В любом случае три маски, имевшиеся у нас, мы отдавали женщинам, причем только тем, которые совсем не могли переносить этот запах, остальные терпели и смирялись со своим положением. Смирялся и я и терпел, только вот пока мне это еще не казалось таким уж страшным, я просто еще не знал, что будет дальше и как будет реагировать организм на подобный эксперимент над ним.
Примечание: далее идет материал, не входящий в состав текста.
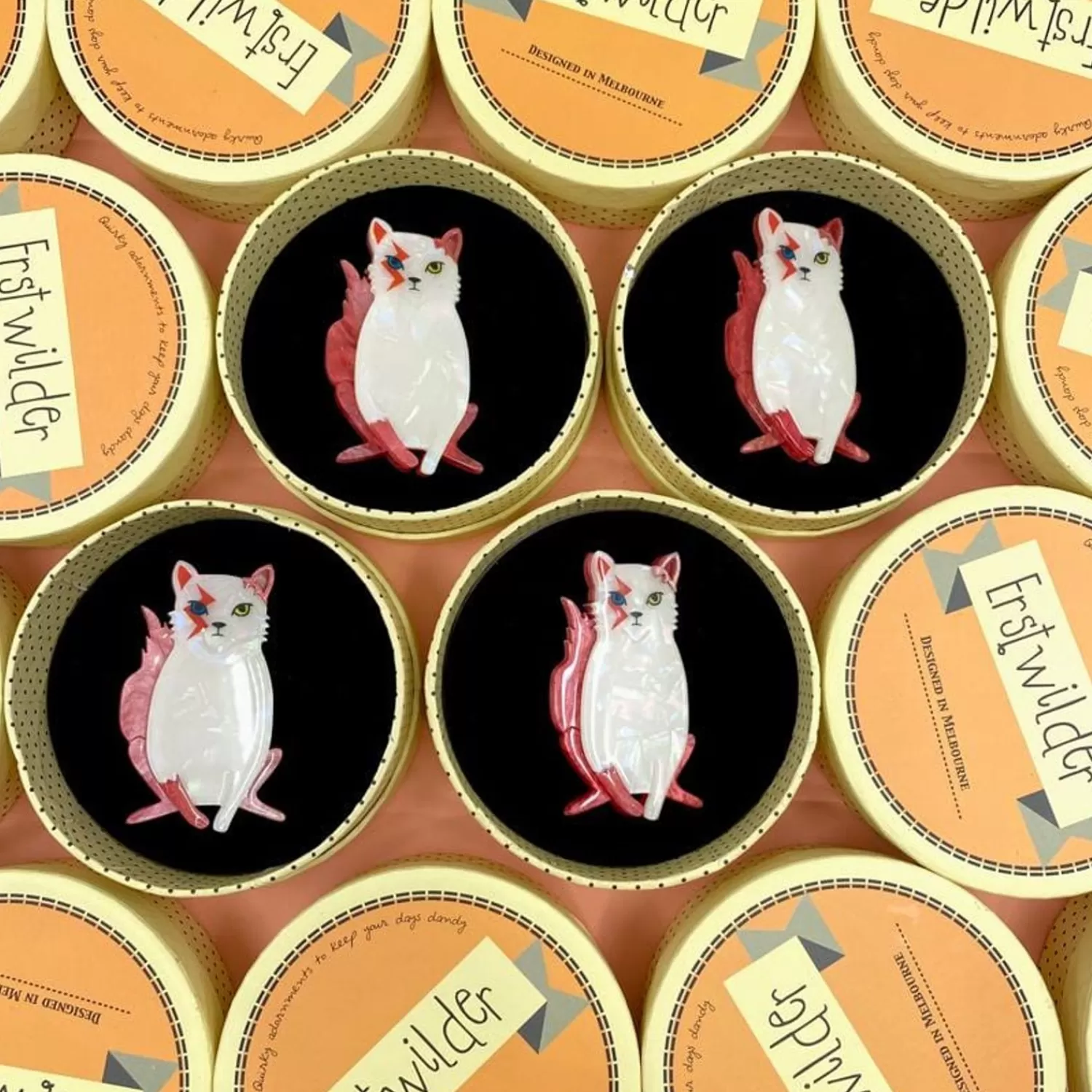 This Kitty Is Sure To Be An Instant Star. Just Add Water And Stir. Inspired By The Man, The Legend, David Bowie, This Cat Brooch Is Made From Textured Resin With Hand-Painted Details. Bowie Is Known For Saying He Always Wanted To Be Something More Than Human. Well, Mission Accomplished.

Десятки наполненных скипидаром с краской ведер распространяли такую вонь (иного слова просто не подобрать), что от нее слезились глаза, и через несколько минут в горле начинало першить, появлялся кашель и легкое головокружение. Особенно сильный запах был во время обмакивания больших театральных кистей в ведро с краской и нанесения ее на лежащие под ногами доски. Через несколько часов начинаешь привыкать к таким условиям, но стоит ненадолго отойти от эпицентра, которым на несколько недель стал наш цех, начинало казаться, что попадаешь в совершенно другой мир, и вот уже ты начинаешь распространять этот едкий запах повсюду вокруг себя. Стоило выйти из помещения и сесть в лифт, как тут же все, кто в нем находился, начинали морщить носы и задавать кучу вопросов, а мне хотелось лишь послать их к чертовой матери, потому что не было сил реагировать на их шуточки, казавшиеся им смешными. Запах въедался в волосы, в кожу, в одежду, причем не только рабочую, но и ту, в которой мы приходили, – она висела в шкафчиках, но этой дрянью были пропитаны все 300 квадратных метров нашего цеха. Когда я ехал в метро, я замечал, как от меня пахнет скипидаром, я не мог отмыть руки, казалось, сама кожа источает этот запах. Открывая дома сумку, с которой я хожу на работу, я чувствовал пары сипидара, накопившимися там за весь день.